Figure 4.

ALAL-1 is a transcriptional target of NF-κB. (A) ChIP-seq signal of p65 in the ALAL-1 locus in HUVEC cells treated or not with TNFα. Peaks called in p65 ChIP-seq analysis in the A549 cell line and the consensus sequences corresponding to p65 binding sites are indicated below. In green, annotated ALAL-1 isoforms. (B) ALAL-1 RNA levels and p65 protein levels determined in HCC95 cells after p65 knockdown. Graphs of mean (± SEM) for three independent experiments are shown. Significance was determined by two-tailed unpaired t test and represented as **, P ≤ 0.01; ***, P ≤ 0.001. (C) Time course experiment showing the induction of ALAL-1 in HCC95 cells treated with TNFα. (D) RNA-seq tracks of ALAL-1 locus of HCC95 cells untreated or treated with TNFα for 4 h.
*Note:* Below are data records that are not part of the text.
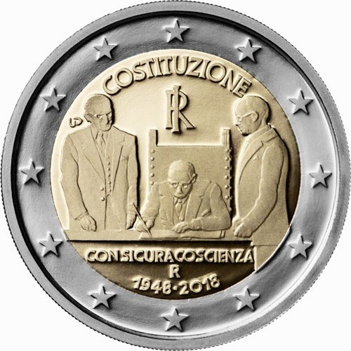 2 евро - 70 лет Конституции Итальянской республики, Италия, 2018 год, UNC
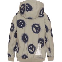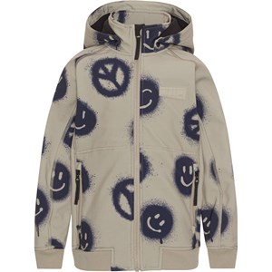 Cloudy er en sporty og vandtæt softshell jakke i beige med print af peace tegn og smileyer. Cloudy har aftagelig hætte, lynlås ned langs fronten, lommer i siden samt vindfang i ærmerne og elastisk kant i bunden. Molo's softshell jakker er et oplagt valg til overgangsperioderne, da ydermaterialet er vindtæt, vandtæt og åndbart. Produktet har en vandafvisende PFC-fri imprægnering (indeholder f.eks. ikke PFOS, PFOA og lignende). Vandsøjletryk: 8.000 mm. Åndbarhed: 5.000 g/m2/24t. Sømmene er ikke tapede.
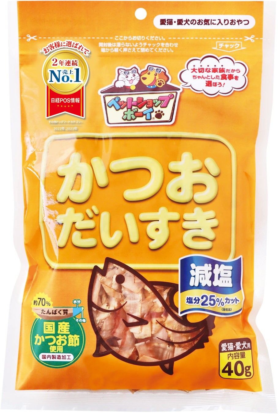 「減塩かつおだいすき40g」は、ペット用おやつとして販売しているマルトモ「だいすきシリーズ」の一つで、大切な家族の一員であるねこちゃん・わんちゃんに安心・安全な食事を提供したいという想いで作られた商品です。近年、ねこちゃん・わんちゃん達も平均寿命が延び健康寿命が課題といわれている中、マルトモはねこちゃん・わんちゃん達の食生活改善のためにいち早く減塩商品提案に取り組んでおり、本商品は当社一般品に比べ塩分を約25%カットした、健康に配慮した商品です。
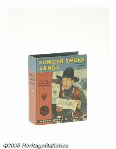 <B>Big Little Book #1176 Powder Smoke Range (Whitman, 1935) Condition: NM-.</B></I> Photo cover; movie scenes with Hoot Gibson and Harry Carey. 240 pages. Overstreet 2005 VF/NM value = $80.
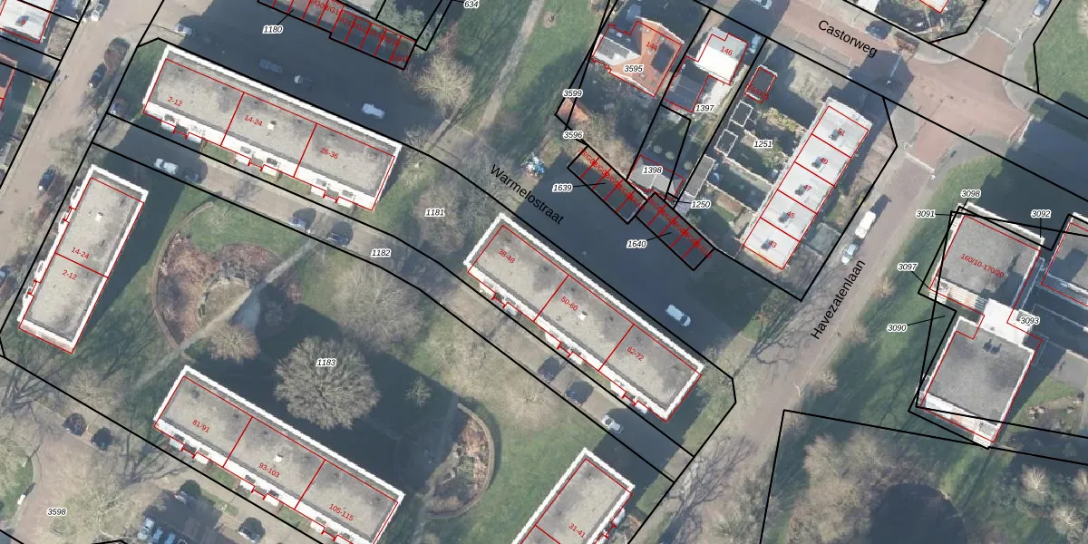 Het perceel waarop Warmelostraat 40 staat heeft een oppervlakte van 2050 m². Dit is een zeer groot perceel. De perceeloppervlakte wordt geregistreerd door het Kadaster. Gedetailleerde informatie over de maten van dit perceel kunt u vinden in het rapport Kadastrale kaart met maatvoering van Warmelostraat 40.
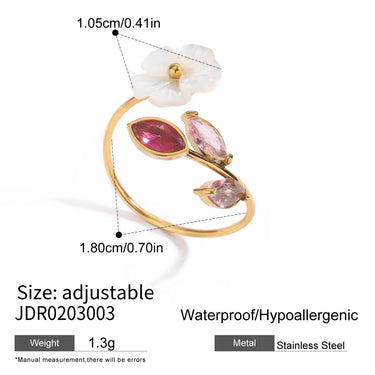 • Dimensions: 1.8 cm ring diameter, 1.05 cm flower charm
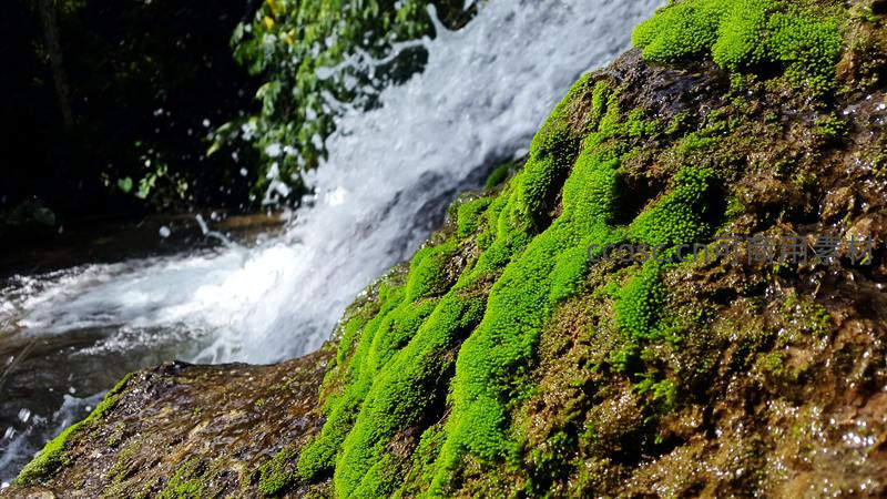 瀑布溅水击石,青苔如绒,生机盎然

In green, ALAL-1 annotated isoforms; in red, ALAL-1 isoform identified and studied. (E) Subcellular localization of ALAL-1 assessed by cell fractionation in the indicated cell lines. (F) RNA fluorescence in situ hybridization in HCC95 cells untreated and treated with TNFα. (G) Number of fluorescent foci detected by RNA FISH in cells transfected with control siRNA (siCtrl) or ALAL-1 siRNA (siALAL-1). At least 100 cells per condition were counted. Graph of mean (± SEM) for three independent experiments is shown. Significance was determined by two-tailed unpaired t test and represented as *, P ≤ 0.05; ***, P ≤ 0.001. HUVEC, human umbilical vein endothelial cells; RelA, RelA proto-oncogene, NF-KB subunit; siCtrl, control siRNA; sip65, p65-targeting siRNA; Nuc, nucleus; Cyt, cytoplasm.